Tulaneia Temporal range: latest Ediacaran ~540–538.8 Ma Pha. Proterozoic Archean Had. Tonian Cryo. Edia.

Scientific classification
- Kingdom: Animalia
- Phylum: †Petalonamae
- Class: †Erniettomorpha
- Family: †Erniettidae
- Genus: †Tulaneia Runnegar and Horodyski in Runnegar et al., 2025
- Species: †T. amabilia
- Binomial name: †Tulaneia amabilia Runnegar and Horodyski in Runnegar et al., 2025

= Tulaneia =

- Genus: Tulaneia
- Species: amabilia
- Authority: Runnegar and Horodyski in Runnegar et al., 2025
- Parent authority: Runnegar and Horodyski in Runnegar et al., 2025

Extinct lyre-shaped genus of erniettomorph

Tulaneia is an extinct organism from the latest Ediacaran of Nevada, and was alive around 540 – 538.8 Ma. With a lyre-shaped body, it is a part of the class Erniettomorpha, and is also a monotypic genus, containing only Tunlaneia amabilia. It was previously assigned to Ernietta in 1991.

== Discovery and naming ==
The fossil material of Tulaneia were found in the Lower Member of the Wood Canyon Formation in Nevada, and were originally attributed to Ernietta in 1991. Fossil material that had previously been collected during 1991 after this assignment would become the holotype and paratypes after re-description in 2024, and thus be formally re-assigned and named in 2025.

The generic name Tulaneia is in honour of the Tulane University in New Orleans, due to its encouragement and support of research in paleontology and natural history overall, as seen through one of the authors of the 2025 study, Robert J. Horodyski. The specific name amabilia derives from the Latin word amabilis, to mean "lovely", in reference to exceptional preservation of the fossil material.

== Description ==
Tulaneia amabilis is a lyre-shaped erniettomorph, which is composed of up to 30 tubular modules, which can get up to 5 mm in width, and 9 mm in depth. The modules themselves are arranged in a palisade-like construction, getting to their aforementioned widest point at the proximal edge of the body itself, decreasing in width and separating towards the distal end, terminating at a blunt point. In one specimen, the tips notably bifurcate, splitting out into two tips rather than one, which has been inferred to be unique to the genus, although it is noted the possibly of developmental abnormality is not ruled out entirely.

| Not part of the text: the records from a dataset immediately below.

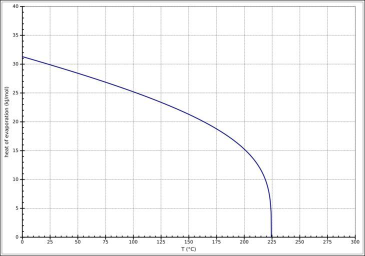 Keywords: Enthalpy of evaporation 2-methylpentane.svg en Heat of evaporation of 2-methylpentane - temperature dependence de Verdampfungswärme von 3-Methylpentan - Temperaturfunktion own Steffen 962 2012-05-13 calculated according/berechnet nach Δ<sub>V</sub>H<sup>0</sup> A·exp ˆ’β·T<sub>r</sub> 1 ˆ’T<sub>r</sub> <sup>β</sup> Δ<sub>V</sub>H<sup>0</sup> in kJ/mol T<sub>r</sub> T/T<sub>c</sub> reduzierte Temperatur mit A 45 25 kJ/mol β 0 2739 und T<sub>c</sub> 497 5 K V Majer V Svoboda Enthalpies of Vaporization of Organic Compounds A Critical Review and Data Compilation Blackwell Scientific Publications Oxford 1985 300 Heat of evaporation Cc-zero |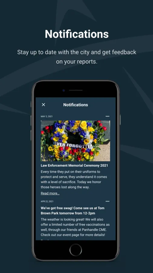 Get emergency alerts and notifications about upcoming events from the city, and get feedback when the city needs to follow up with you.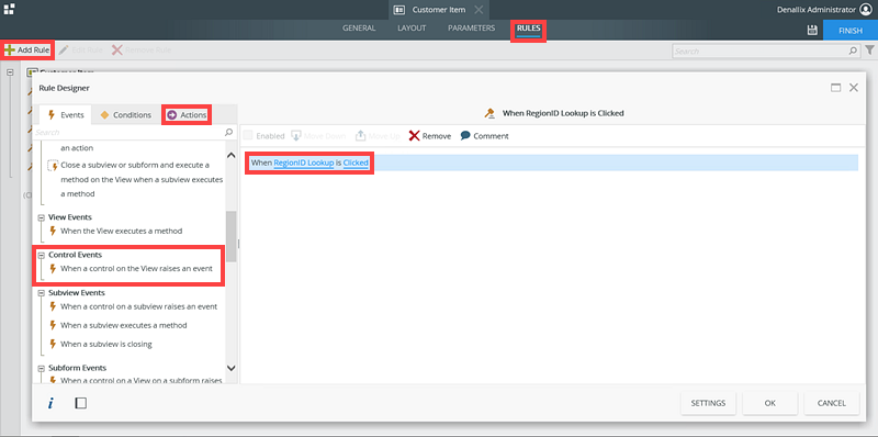 Navigate to the Rules tab of the step and click Add Rule. Select When a control on the View raises an event. Select the RegionID Lookup control and select Clicked. Click the Actions tab at the top.
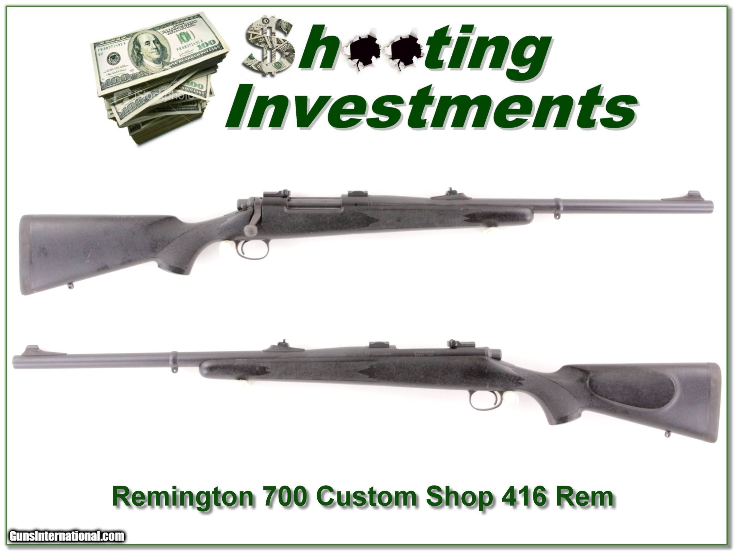 Description: This is a Remington 700 Custom Shop in the hard to find and hard-hitting 416 Remington Magnum. It has a 22in barrel with barrel band and factory fiberglass stock. The metal is excellent and I’m sure not many rounds were fired. It will make a high-end dangerous game gun. Shipping with insurance is $39. Please email me with any questions or larger pictures. (Consign your quality firearms with Shooting Investments for only 12%! Let me know if you have any you would like to sell!) 19-1042 Payment: Payment is by Money Order, Cashiers Check or Personal Check. I can now also accept MasterCard and Visa with a 3% convenience fee. PayPal can be used for some items but never firearms. Please let us know if you would like to pay via PayPal. Shipping: The shipping charge will be listed in each description. It is $39 for most long guns and $29 for most handguns. Some heavy guns or those insured for over $2000 will be higher. Shipments to Alaska and Hawaii are higher because air shipment is required. Most firearms are shipped on Tuesday and Thursday and usually in 5 days of receipt of payment. We package all shipments carefully and insure them. For long guns you can purchase a new Plano case for $19. They now cost us $22 when buying 100 at a time. Optics are shipped Priority Mail and most other non-firearm shipments are shipped First Class. Returns: Our return policy is simple. If for any reason you are not pleased with your purchase, you may return your item for a full refund of purchase price. Ammunition cannot be returned. It is important to us that you are happy. Guns cannot be fired or dissembled before returning them and they must be returned in the same condition as received. Notification of a return must occur with-in 3 days of receipt at your dealer. Shipping, convenience and dealer fees are not refundable and are the responsibility of the buyer. Lay-a-way: If needed, we offer a 60 day lay-a-way option on most firearms. It is 1/3 now, 1/3 in 30 days and 1/3 in 60 days. Lay-a-way firearm sales are final and if not completed the first payment cannot be returned. Consigning your firearms with Shooting Investments: We will help you get top dollar for your firearms. While most local guns shops charge 20% or more, our fee is only 12% with a minimum of $75. At your local gun shop it might take months to sell. Selling on-line provides instant access to thousands of interested buyers. You won’t find any other on-line dealer willing to sell your firearms for only 12% or listing every gun on 3 separate s. Selling through an House typically costs the seller 15% and the buyer an addition 15% (so 30%) and you have to wait several months to sell and longer to receive funds. If properly priced, we will sell your firearms in a few weeks. Send us an email or give us a call and we’ll explain how easy it is for you to get top dollar. Trading: Trading for use is really just buying your gun to re-sell. If you have a gun you want to trade, please email a picture and we will let you know what we can give or it. You will always get more if we sell it for you on consignment. Help for California Buyers: We are happy to ship to California. It is the buyer’s responsibility to make sure any item you buy is legal in your state. We are also happy to help with your purchase of a firearm from someone other than us. If you see a gun you would like to buy but the seller can’t or won’t ship to California they can ship to use and we’ll then ship it to your California dealer. The cost for this service is only $30 + shipping. Let us know if we can help! SOLD |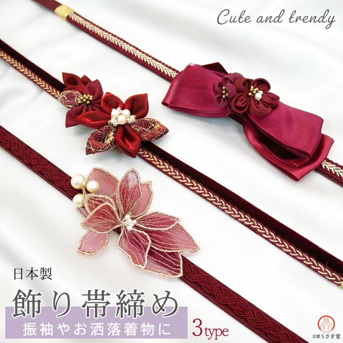 <おすすめポイント> 絹100%の平組の帯締めに、リボンやつまみ細工、オーガンジーの花飾りが装飾された、可愛らしくて豪華な帯締めです。 正絹の帯締めはしなやかな手触りと絹の特有のハリがあり、しっかりと締めて頂けます それぞれの飾り部分はパールビーズや金糸の刺繍などもされており、モダンでお洒落なデザインで...

Tulaneia was noted to share similarities with a Dickinsonia-like fossil from the Farm Aar locality in Namibia, although it was further noted that the Dickinsonia-like fossil has modules growing from a central mid-line, whilst Tulaneia has unidirectional growth. The modules themselves also differ, as in Tulaneia, they are consistent along the long axis of the organism, something also seen in other erniettamorphs, whilst the modules of the Dickinsonia-like fossil are not consistent.

== Palaeoenvironment ==
All fossils of Tulaneia were noted to have been completely, or partially, filled in with clean quartz sand before they were buried, with the quartz sand contrasting with the surrounding matrix and rock the fossils where suspended within. From this, it has been inferred that Tulaneia lived in a high-energy shore-face environment, similar to what is seen in the Stirling Quartzite which underlies the Wood Canyon Formation, or it was transported from an onshore to an offshore environment during a storm surge event, being deposited alongside cobbles in a deep-water environment.